The risk-to-reward ratio is highly favorable, and it is important to note that this represents an advanced options trading strategy that is not commonly imparted or discussed, except within professional circles. The behavior of a bull call spread mirrors that of purchasing a simple call option, albeit at a reduced cost. The advantage lies in the limited cost incurred when acquiring options with longer expiries, such as those expiring in November. This approach serves to safeguard against theta decay, which works to the detriment of option buyers, resulting in the devaluation of options as the expiry date approaches, potentially rendering them worthless should they conclude at or out-of-the-money.


Strategy

  • Catalysts: Upcoming earnings season is a strong catalyst, and historically, the election season has had a significant impact on stock markets, leading to higher rallies right into the election week with increased interest from market participants.

  • Risk Factors: None.

  • Correlation: We have noticed a strong correlation with other positions in the technology and banking sectors.
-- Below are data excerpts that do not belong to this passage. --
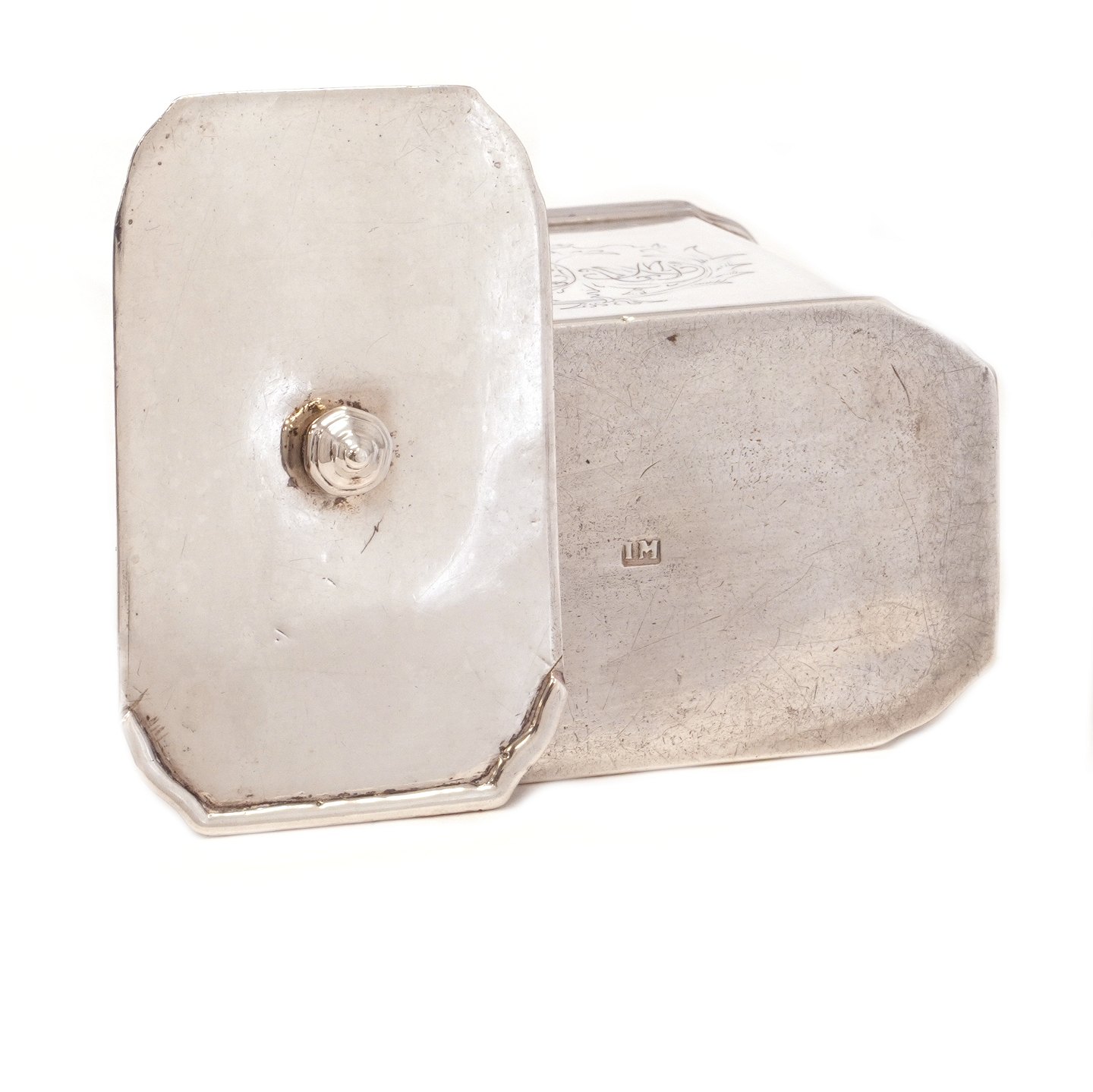 Sjælden Regence tedåse med skydelåg i sølv udført af Johan Mehl, Viborg, 1725-65. H: 8cm. B: 7,7cm
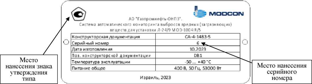 наносится на маркировочную табличку методом термопечати и на титульные листы руководства по эксплуатации и паспорта типографским методом.
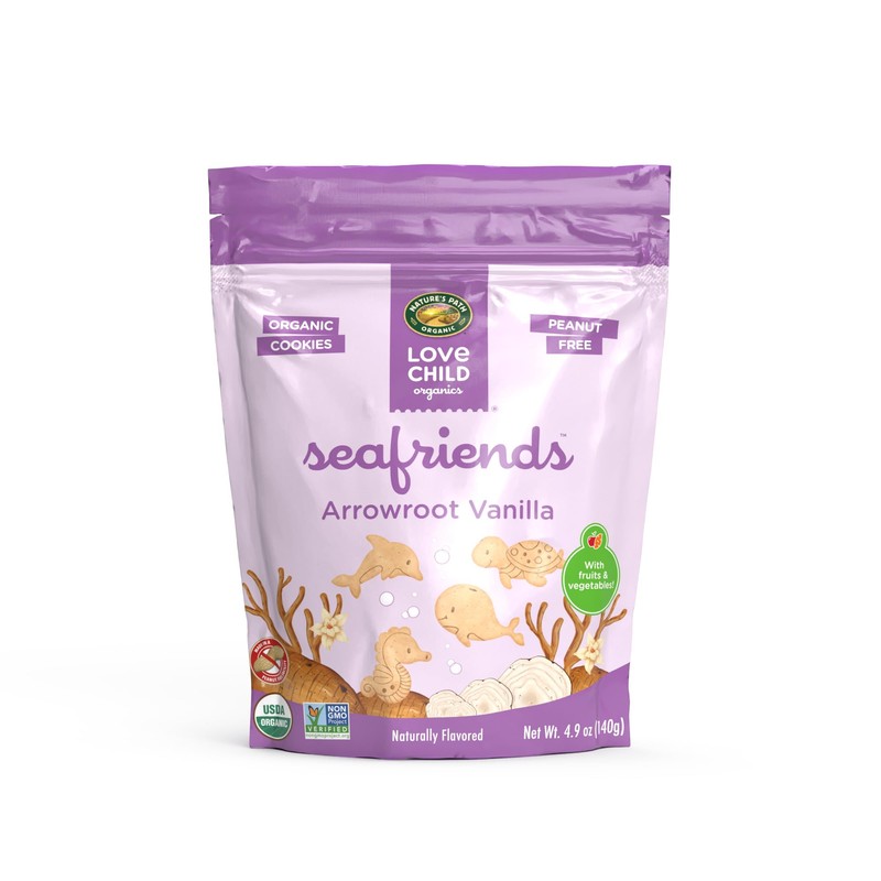 Love Child Organics Sea Friends Arrowroot Vanilla Cookies, 4.9 oz (Pack of 1), Non-GMO, by Nature's Path

While this is concerning, we have limited our maximum exposure to 5% of the portfolio for each trade. This means that we can effectively manage any adverse situations that may arise.

  • Portfolio Exposure: This trade adds a positive exposure to the overall portfolio beta towards index positions and is a net bullish position for the overall portfolio exposure at the time of writing this brief.

  • Maximum Risk: 1-5% of the total portfolio capital. No deviation!

  • Hedging Strategy (if applicable): NA.


Summary

We intend to exploit this bullish move and may exit on demand as usual, at which point in time, you will receive an email alert for the trade closed or adjusted. We won't wait until the expiry and as soon as the position approaches from current Deep ITM to ATM (at-the-money), we will close the position in profits as premiums fall drastically with also increased rate of theta in the next few weeks. Watch out for our alerts should you be prepared for an exit.


Closing Notes

This trade is valid only as long as the price doesn't move 3% - typically for a day or two. Don't consider the trade if the stock has moved beyond 170 or don't receive less than $300 for the option spread position, although still a high probability trade, the risk to reward drops, should this happen. We usually don't recommend getting less credit if you are late by a couple of days.